SOURCE MATERIAL:
________

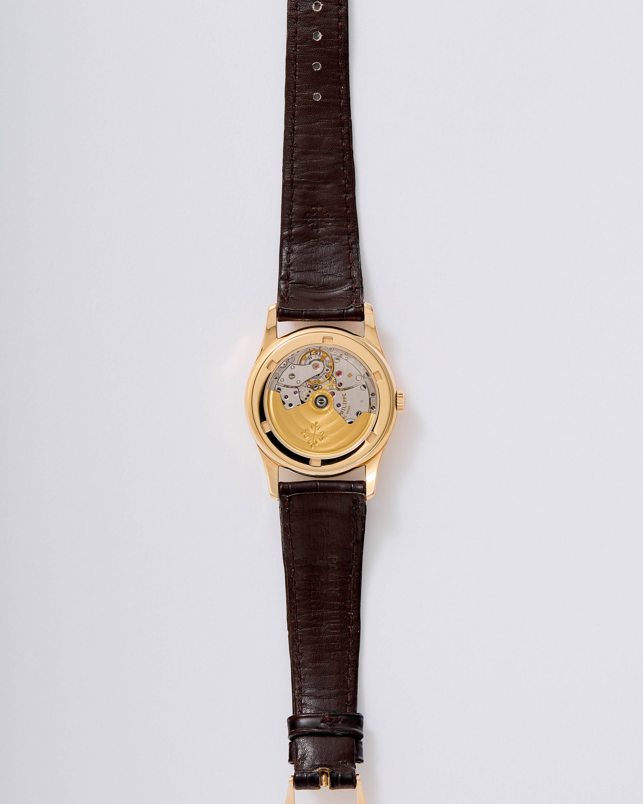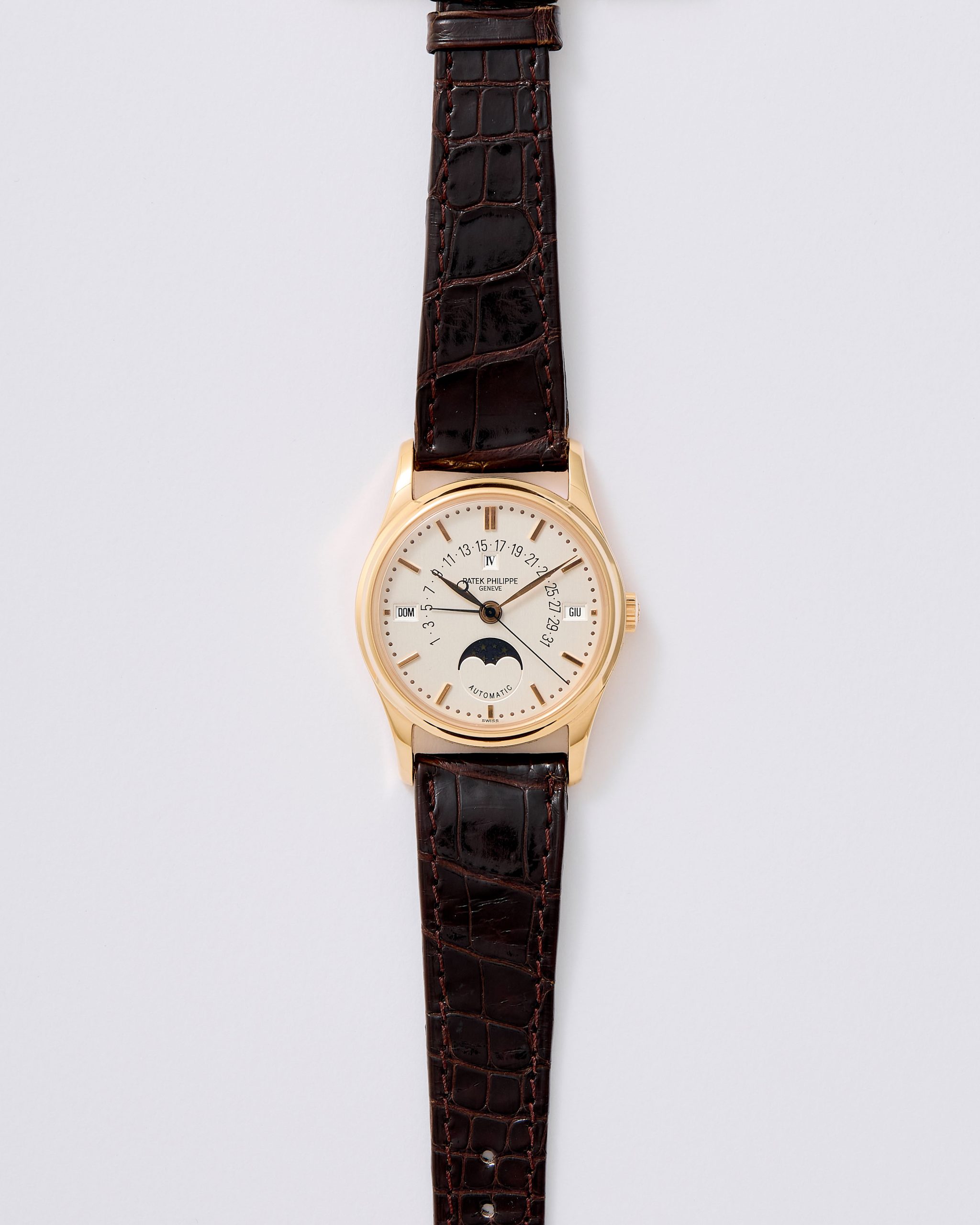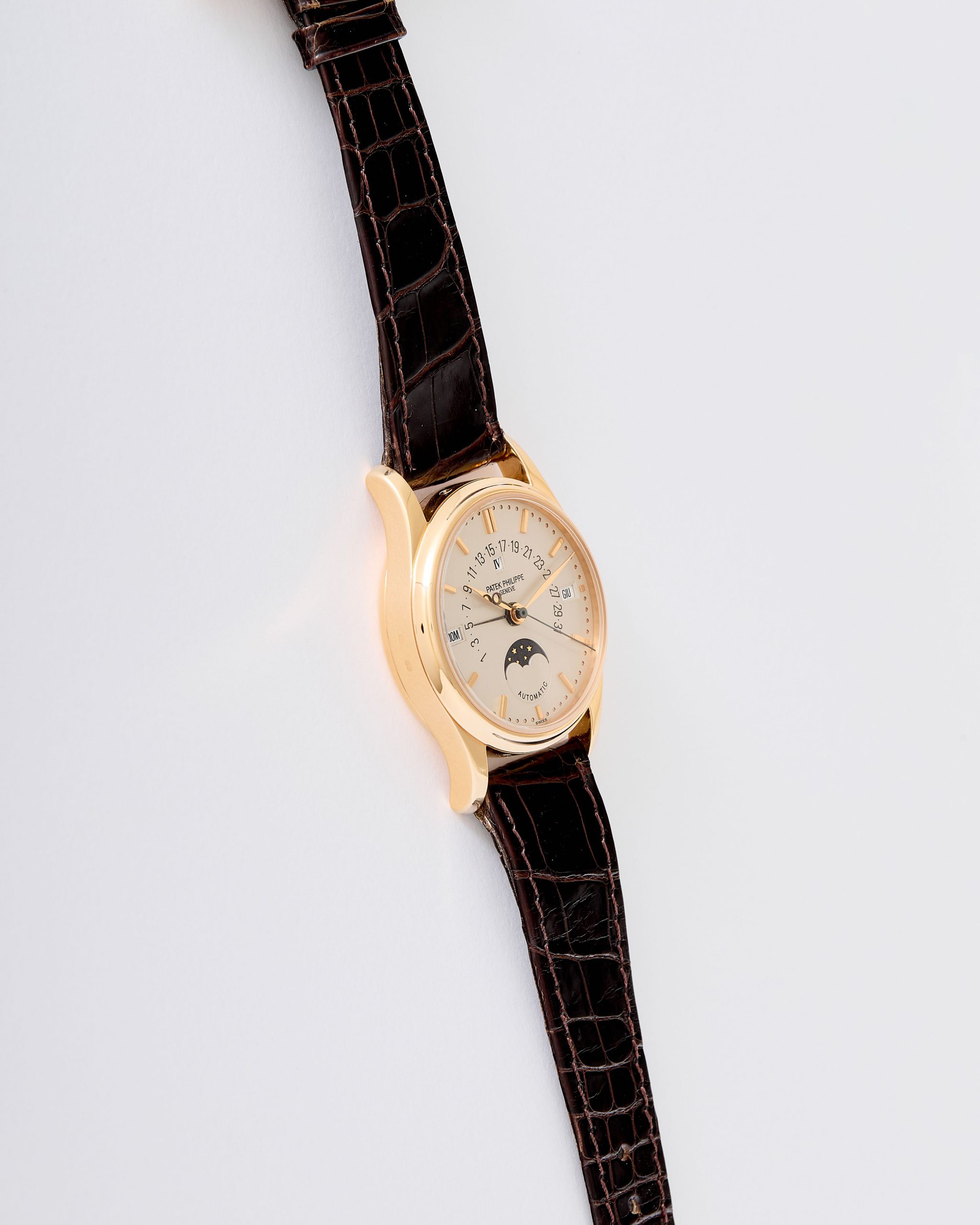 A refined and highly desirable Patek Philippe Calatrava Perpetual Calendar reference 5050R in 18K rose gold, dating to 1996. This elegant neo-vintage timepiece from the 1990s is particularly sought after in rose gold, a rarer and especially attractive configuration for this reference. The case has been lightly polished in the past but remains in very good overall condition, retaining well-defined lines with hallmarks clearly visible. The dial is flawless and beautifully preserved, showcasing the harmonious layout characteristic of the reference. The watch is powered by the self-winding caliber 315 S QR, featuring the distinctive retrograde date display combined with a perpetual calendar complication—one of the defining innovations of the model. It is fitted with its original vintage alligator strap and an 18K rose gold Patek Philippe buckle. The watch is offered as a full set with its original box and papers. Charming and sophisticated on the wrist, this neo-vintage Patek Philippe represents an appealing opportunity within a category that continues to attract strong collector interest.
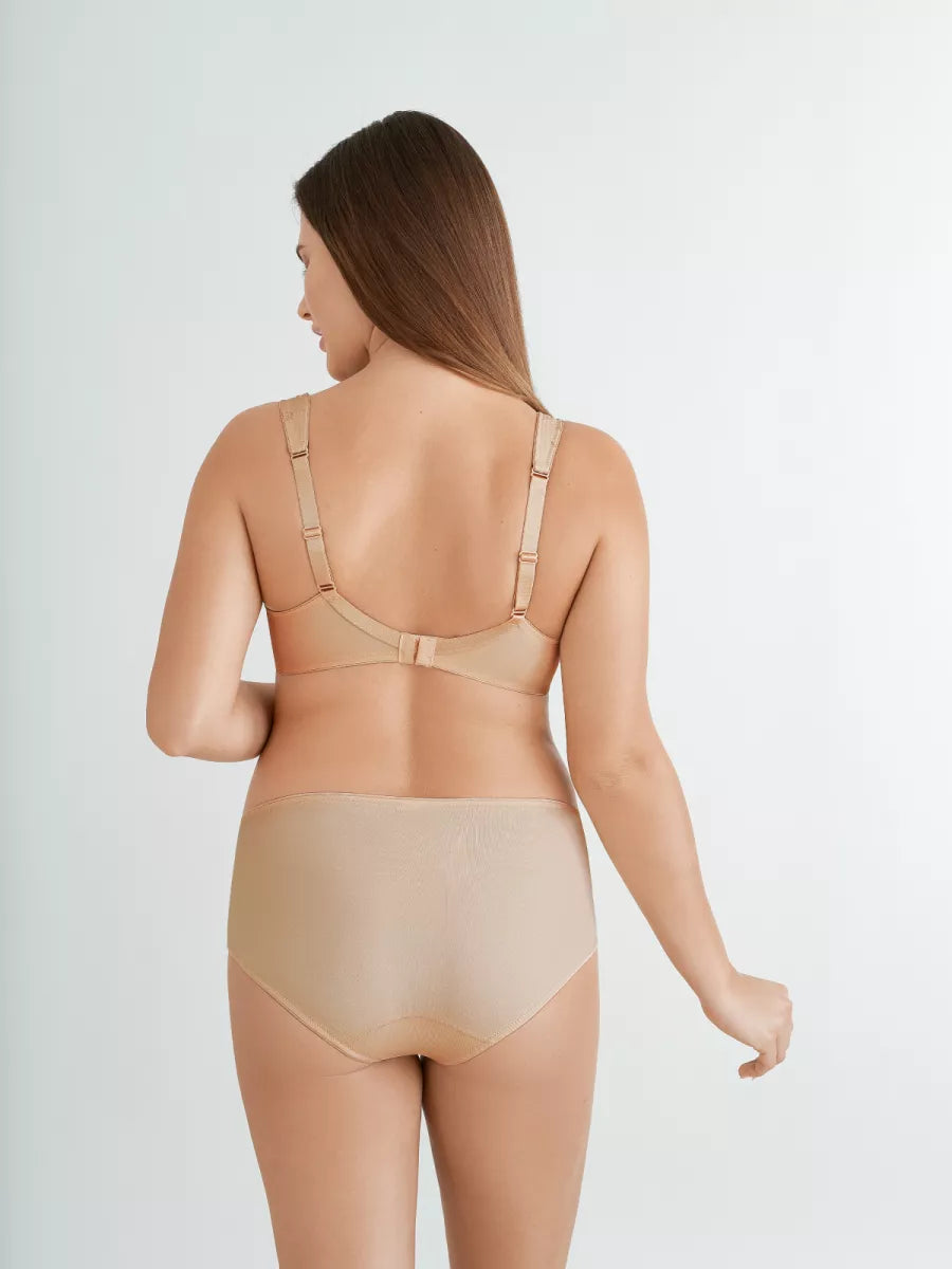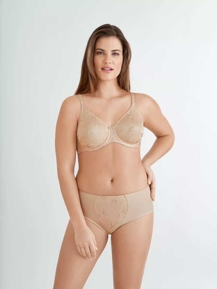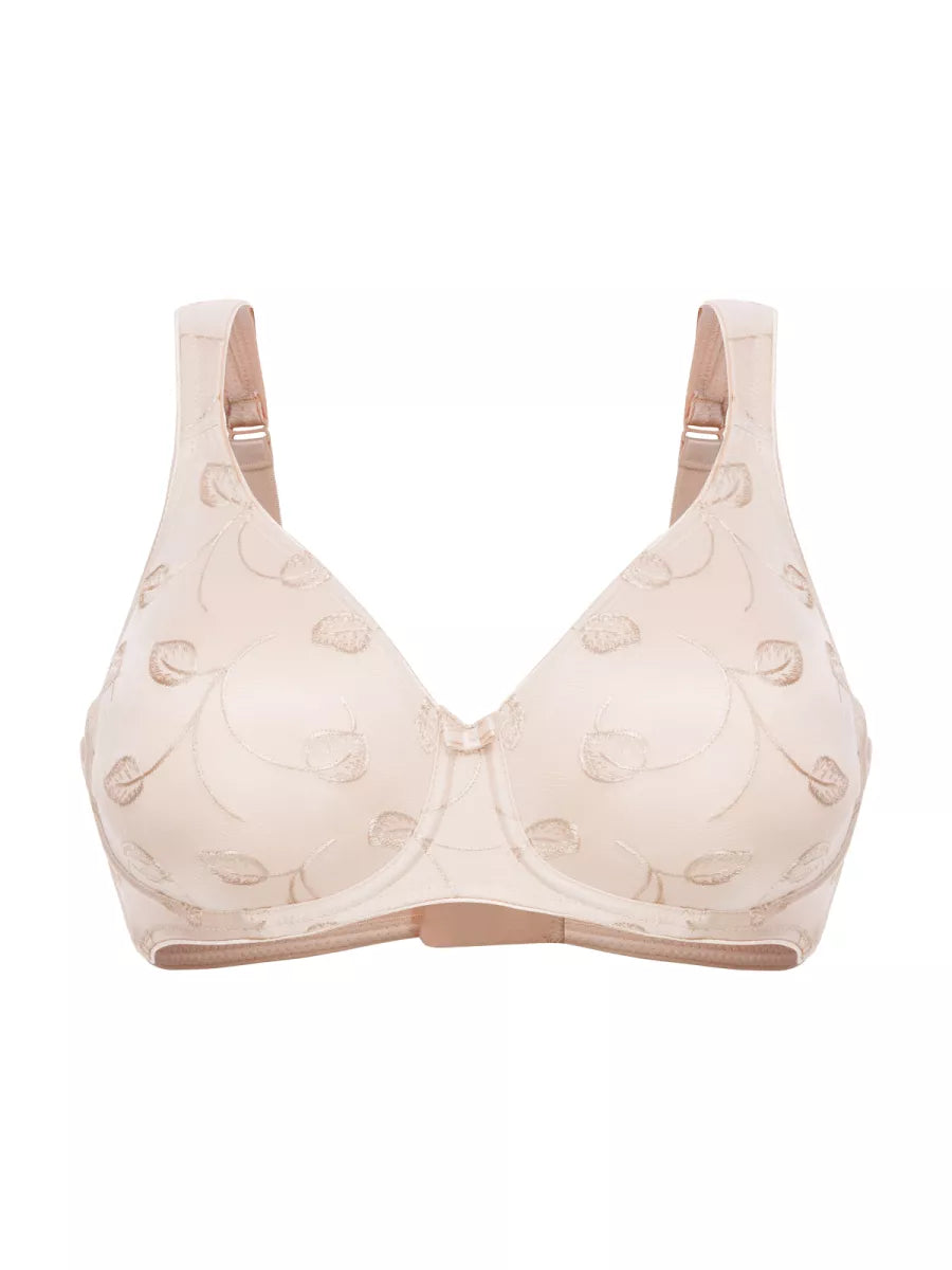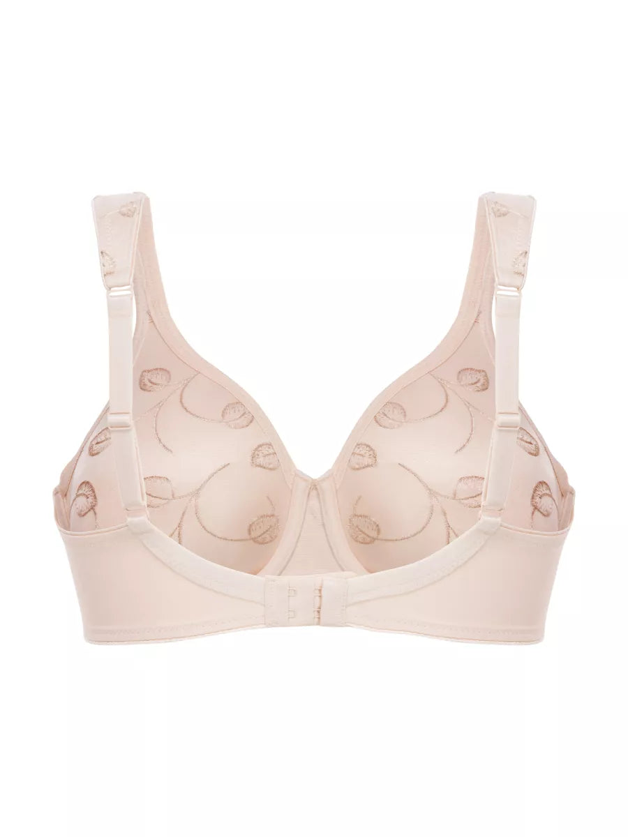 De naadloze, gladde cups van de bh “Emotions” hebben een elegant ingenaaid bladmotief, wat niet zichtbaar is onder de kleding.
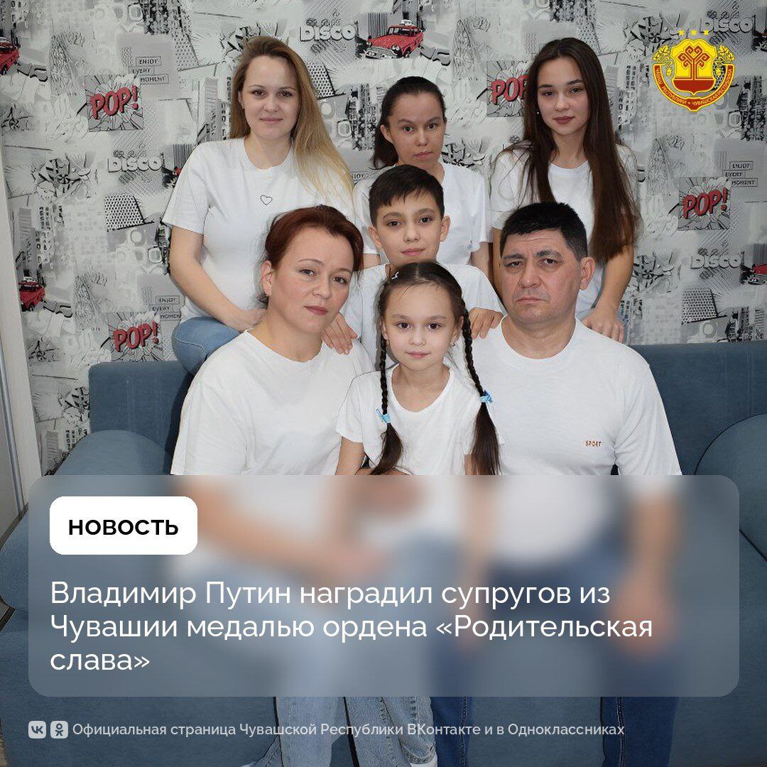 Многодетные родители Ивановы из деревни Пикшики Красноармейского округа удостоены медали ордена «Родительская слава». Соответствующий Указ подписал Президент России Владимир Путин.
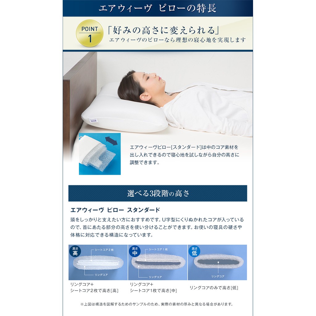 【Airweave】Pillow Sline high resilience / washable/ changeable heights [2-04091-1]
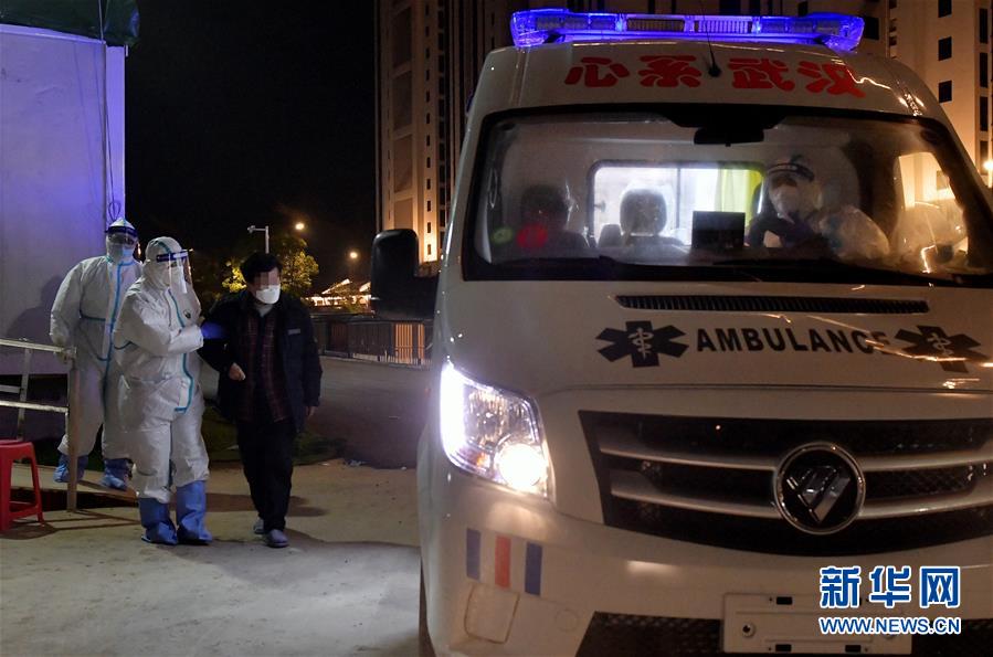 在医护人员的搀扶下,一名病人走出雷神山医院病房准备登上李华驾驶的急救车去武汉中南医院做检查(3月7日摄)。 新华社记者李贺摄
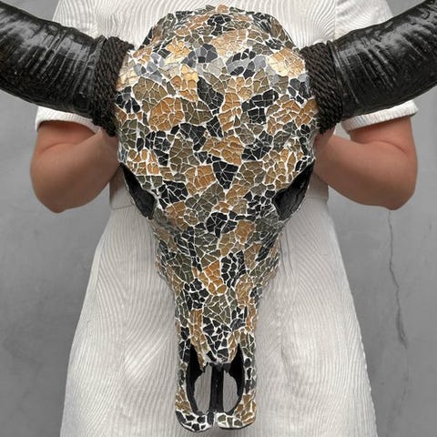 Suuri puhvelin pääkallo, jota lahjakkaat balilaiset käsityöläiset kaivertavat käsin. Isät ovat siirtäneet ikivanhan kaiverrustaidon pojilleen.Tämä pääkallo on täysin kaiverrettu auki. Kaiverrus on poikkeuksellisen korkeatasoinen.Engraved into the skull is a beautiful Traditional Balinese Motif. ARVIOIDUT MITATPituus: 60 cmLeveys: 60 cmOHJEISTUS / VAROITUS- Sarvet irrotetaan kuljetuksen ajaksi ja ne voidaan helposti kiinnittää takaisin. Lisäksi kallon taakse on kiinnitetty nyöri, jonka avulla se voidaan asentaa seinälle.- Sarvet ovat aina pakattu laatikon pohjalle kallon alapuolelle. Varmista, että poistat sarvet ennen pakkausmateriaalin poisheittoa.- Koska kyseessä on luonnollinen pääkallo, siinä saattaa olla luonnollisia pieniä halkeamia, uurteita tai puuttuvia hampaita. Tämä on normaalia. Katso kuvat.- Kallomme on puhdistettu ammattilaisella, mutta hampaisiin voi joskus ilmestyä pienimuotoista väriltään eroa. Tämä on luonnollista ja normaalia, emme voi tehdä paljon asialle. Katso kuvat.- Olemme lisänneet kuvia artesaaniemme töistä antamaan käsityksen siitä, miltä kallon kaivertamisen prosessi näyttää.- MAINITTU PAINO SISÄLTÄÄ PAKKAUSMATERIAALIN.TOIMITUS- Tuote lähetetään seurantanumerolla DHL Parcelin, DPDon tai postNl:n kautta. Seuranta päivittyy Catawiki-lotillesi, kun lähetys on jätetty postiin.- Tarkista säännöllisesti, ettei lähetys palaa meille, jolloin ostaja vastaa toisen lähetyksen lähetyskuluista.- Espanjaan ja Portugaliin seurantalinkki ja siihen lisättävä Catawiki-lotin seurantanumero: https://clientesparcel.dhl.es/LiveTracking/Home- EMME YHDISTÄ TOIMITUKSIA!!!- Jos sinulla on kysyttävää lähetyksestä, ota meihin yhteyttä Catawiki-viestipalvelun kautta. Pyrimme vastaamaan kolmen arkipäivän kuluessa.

________

WORK TO COMPLETE: Set down each line of the material exactly and skip every image.

YOUR RESPONSE:
 A refined and highly desirable Patek Philippe Calatrava Perpetual Calendar reference 5050R in 18K rose gold, dating to 1996. This elegant neo-vintage timepiece from the 1990s is particularly sought after in rose gold, a rarer and especially attractive configuration for this reference. The case has been lightly polished in the past but remains in very good overall condition, retaining well-defined lines with hallmarks clearly visible. The dial is flawless and beautifully preserved, showcasing the harmonious layout characteristic of the reference. The watch is powered by the self-winding caliber 315 S QR, featuring the distinctive retrograde date display combined with a perpetual calendar complication—one of the defining innovations of the model. It is fitted with its original vintage alligator strap and an 18K rose gold Patek Philippe buckle. The watch is offered as a full set with its original box and papers. Charming and sophisticated on the wrist, this neo-vintage Patek Philippe represents an appealing opportunity within a category that continues to attract strong collector interest.
 De naadloze, gladde cups van de bh “Emotions” hebben een elegant ingenaaid bladmotief, wat niet zichtbaar is onder de kleding.
 Многодетные родители Ивановы из деревни Пикшики Красноармейского округа удостоены медали ордена «Родительская слава». Соответствующий Указ подписал Президент России Владимир Путин.
 【Airweave】Pillow Sline high resilience / washable/ changeable heights [2-04091-1]
 在医护人员的搀扶下,一名病人走出雷神山医院病房准备登上李华驾驶的急救车去武汉中南医院做检查(3月7日摄)。 新华社记者李贺摄
 Suuri puhvelin pääkallo, jota lahjakkaat balilaiset käsityöläiset kaivertavat käsin. Isät ovat siirtäneet ikivanhan kaiverrustaidon pojilleen.Tämä pääkallo on täysin kaiverrettu auki. Kaiverrus on poikkeuksellisen korkeatasoinen.Engraved into the skull is a beautiful Traditional Balinese Motif. ARVIOIDUT MITATPituus: 60 cmLeveys: 60 cmOHJEISTUS / VAROITUS- Sarvet irrotetaan kuljetuksen ajaksi ja ne voidaan helposti kiinnittää takaisin. Lisäksi kallon taakse on kiinnitetty nyöri, jonka avulla se voidaan asentaa seinälle.- Sarvet ovat aina pakattu laatikon pohjalle kallon alapuolelle. Varmista, että poistat sarvet ennen pakkausmateriaalin poisheittoa.- Koska kyseessä on luonnollinen pääkallo, siinä saattaa olla luonnollisia pieniä halkeamia, uurteita tai puuttuvia hampaita. Tämä on normaalia. Katso kuvat.- Kallomme on puhdistettu ammattilaisella, mutta hampaisiin voi joskus ilmestyä pienimuotoista väriltään eroa. Tämä on luonnollista ja normaalia, emme voi tehdä paljon asialle. Katso kuvat.- Olemme lisänneet kuvia artesaaniemme töistä antamaan käsityksen siitä, miltä kallon kaivertamisen prosessi näyttää.- MAINITTU PAINO SISÄLTÄÄ PAKKAUSMATERIAALIN.TOIMITUS- Tuote lähetetään seurantanumerolla DHL Parcelin, DPDon tai postNl:n kautta. Seuranta päivittyy Catawiki-lotillesi, kun lähetys on jätetty postiin.- Tarkista säännöllisesti, ettei lähetys palaa meille, jolloin ostaja vastaa toisen lähetyksen lähetyskuluista.- Espanjaan ja Portugaliin seurantalinkki ja siihen lisättävä Catawiki-lotin seurantanumero: https://clientesparcel.dhl.es/LiveTracking/Home- EMME YHDISTÄ TOIMITUKSIA!!!- Jos sinulla on kysyttävää lähetyksestä, ota meihin yhteyttä Catawiki-viestipalvelun kautta. Pyrimme vastaamaan kolmen arkipäivän kuluessa.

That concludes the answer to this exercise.